MINEWS, JAKARTA-Ketua Majelis Hakim Pengadilan Negeri Jakarta Selatan, Kartim Haeruddin menjatuhkan vonis kepada mantan Ketua Umum PSSI Joko Driyono 1 tahun 6 bulan penjara di Pengadilan Jakarta Selatan, Selasa 23 Juli 2019.
Vonis tersebut lebih ringan dari tuntutan Jaksa Penuntut Umum (JPU) yang mengajukan tuntutan 2 tahun enam bulan penjara kepada terdakwa yang akrab disapa Jokdri tersebut.
Dirinya terbukti bersalah atas kasus perusakan garis polisi dan pengambilan barang bukti.
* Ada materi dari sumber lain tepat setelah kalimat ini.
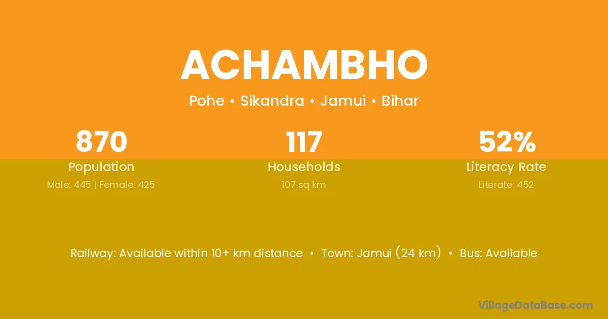 Jamui (24 km) is the nearest town to Achambho village for major economic activities and is located approximately 24 km away.
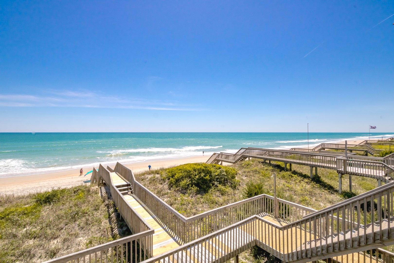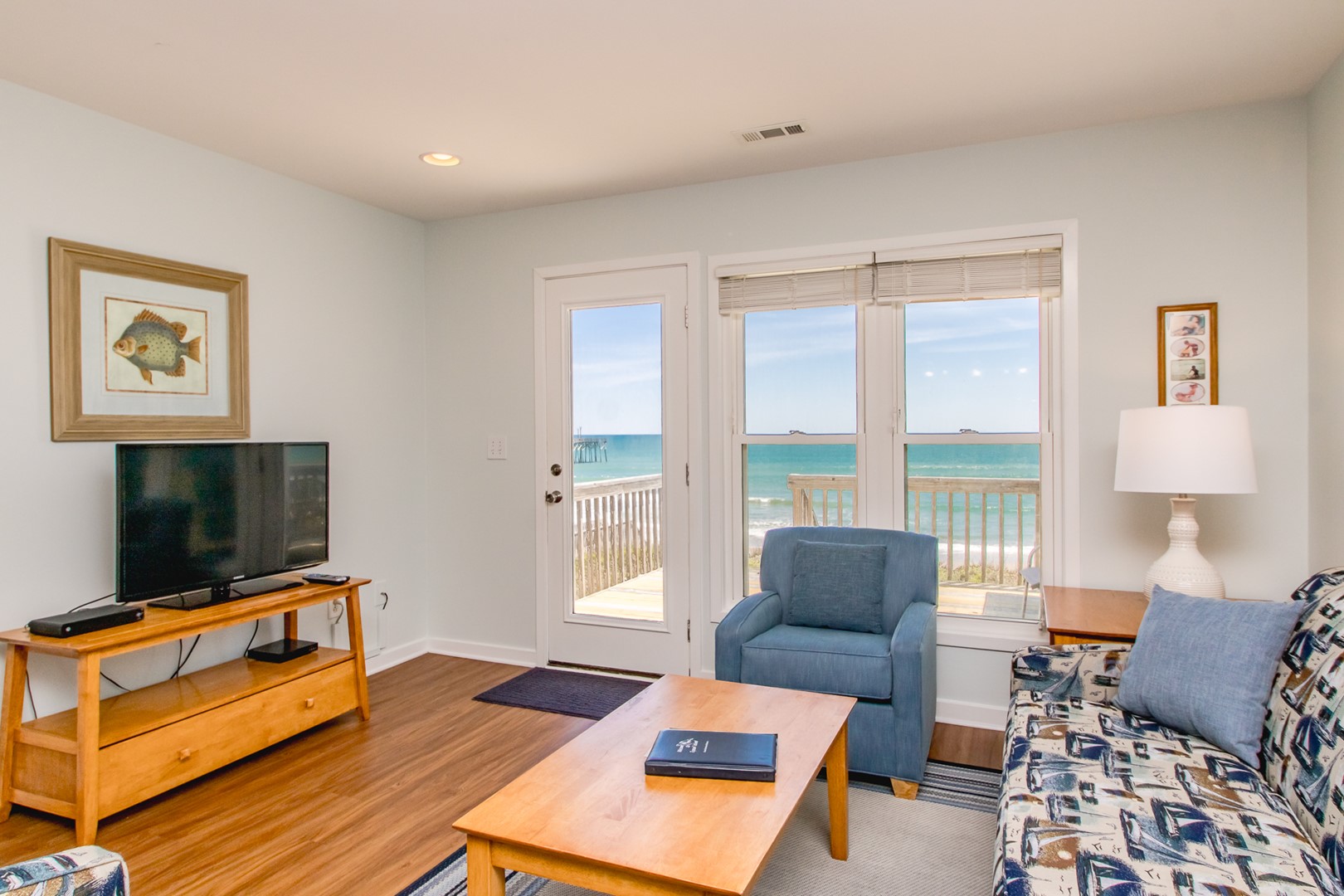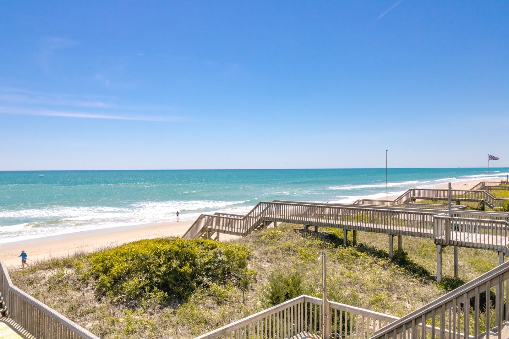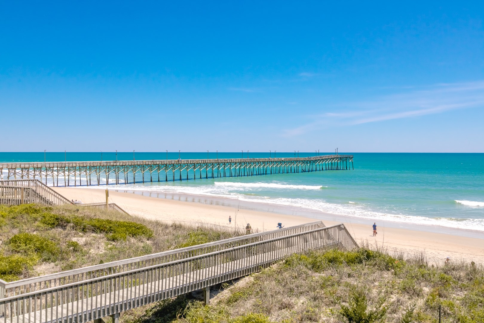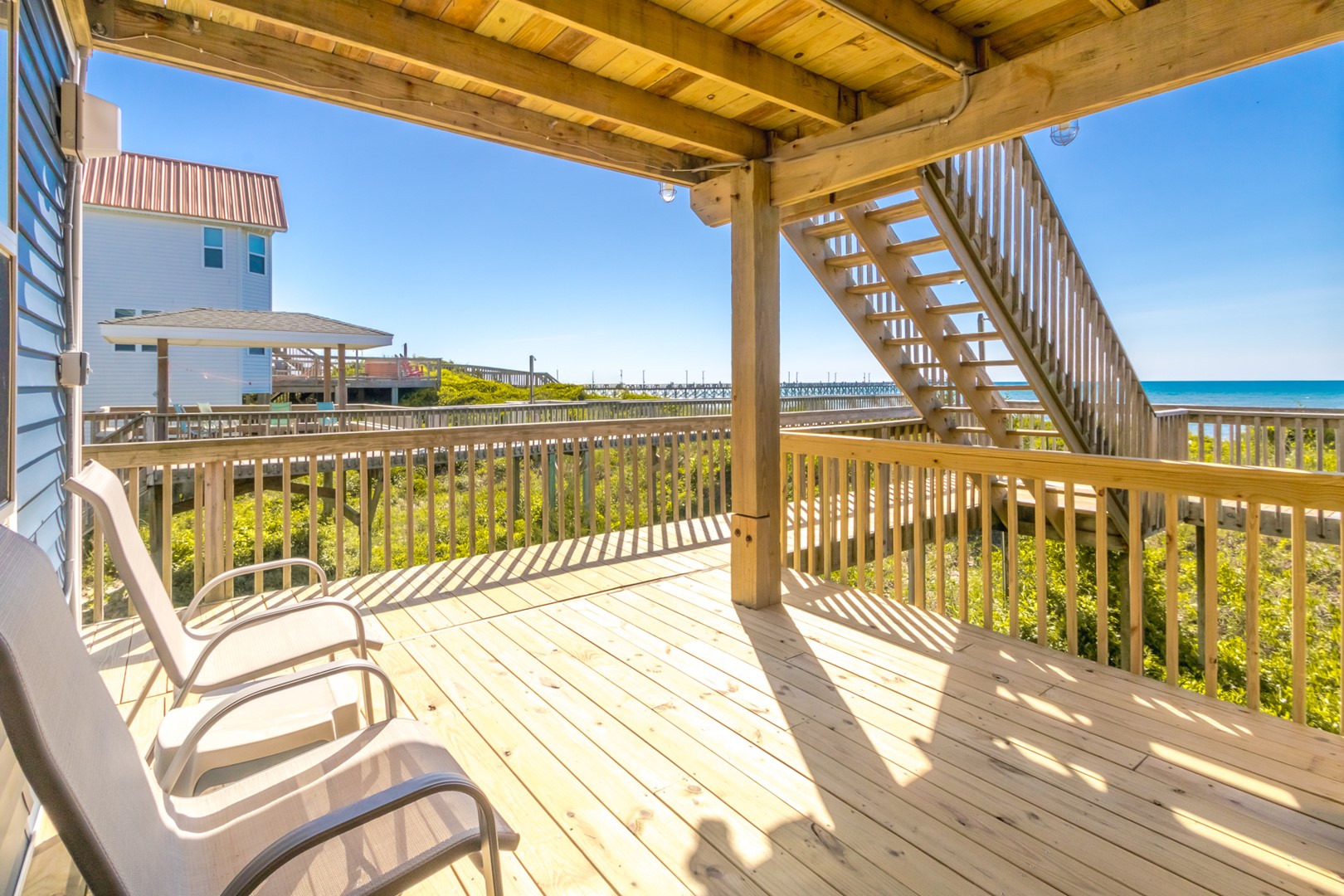 Enjoy the ocean breezes on the top floor sun deck of this wonderful north side of an oceanfront duplex. After a relaxing day on the beach, take in the views of the ocean and the Surf City Pier.

Terdakwa tetap ditahan di rumah tahanan negara. Membebankan terdakwa membayar biaya perkara sebesar Rp5.000.
Ketua Majelis telah mendengar pembacaan dakwaan JPU 24 April dan telah mendegar saksi dan terdakwa di persidangan.
Memperhatikan surat dan barang bukti di persidangan. Menimbang, tuntutan JPU tersebut, terdakwa dan penasihat hukum telah membuat pleidoi yang pokoknya memohon terdakwa dibebaskan seluruh dakwaan.
Jokdri ditetapkan sebagai tersangka pada 15 Februari setelah empat kali menjalani pemeriksaan di Direktorat Kriminal Umum (Ditreskrimum) Polda Metro Jaya terkait perusakan garis polisi. Dia resmi menjadi tahanan sementara Polda Metro Jaya atas kasus tersebut selama 20 hari sejak 25 Maret 2019.
Sebelumnya pihak Satgas Anti Mafia Bola Polri melakukan penggeledahan dan memasang garis polisi di bekas kantor Komisi Disiplin PSSI, Rasuna Office Park terkait kasus pengaturan skor kompetisi sepak bola Indonesia.
Jokdri menjalani gelar sidang perkara perdananya di Ruang Sidang H.M Ali Said, Pengadilan Negeri Jakarta Selatan, pada 6 Mei. Sebelumnya, Jokdri disangkakan melanggar Pasal 363 KUHP atau Pasal 235 KUHP atau Pasal 233 KUHP atau Pasal 232 KUHP atau Pasal 221 KUHP juncto Pasal 55 ayat (1) ke-1 KUHP.
Jokdri juga sebelumnya sudah membacakan pleidoi atau pembelaan pada Kamis 11 Juli 2019. Dia membacakan tujuh halaman pleidoi.
Sedangkan tim kuasa hukum membacakan 169 halaman secara singkat. Pada intinya, Mustofa menegaskan lima pasal yang didakwakan jaksa penuntut umum tidak dapat dibuktikan di depan persidangan. Kelima pasal tersebut antara lain pasal 233, 231, 232, 221, dan 363 KUHP.
Mustofa menjelaskan bahwa kliennya sama sekali tidak memiliki kesengajaan atau maksud untuk melanggar garis polisi. Dengan demikian atas vonis tersebut, pihak terdakwa melalui kuasa hukumnya masih pikir-pikir.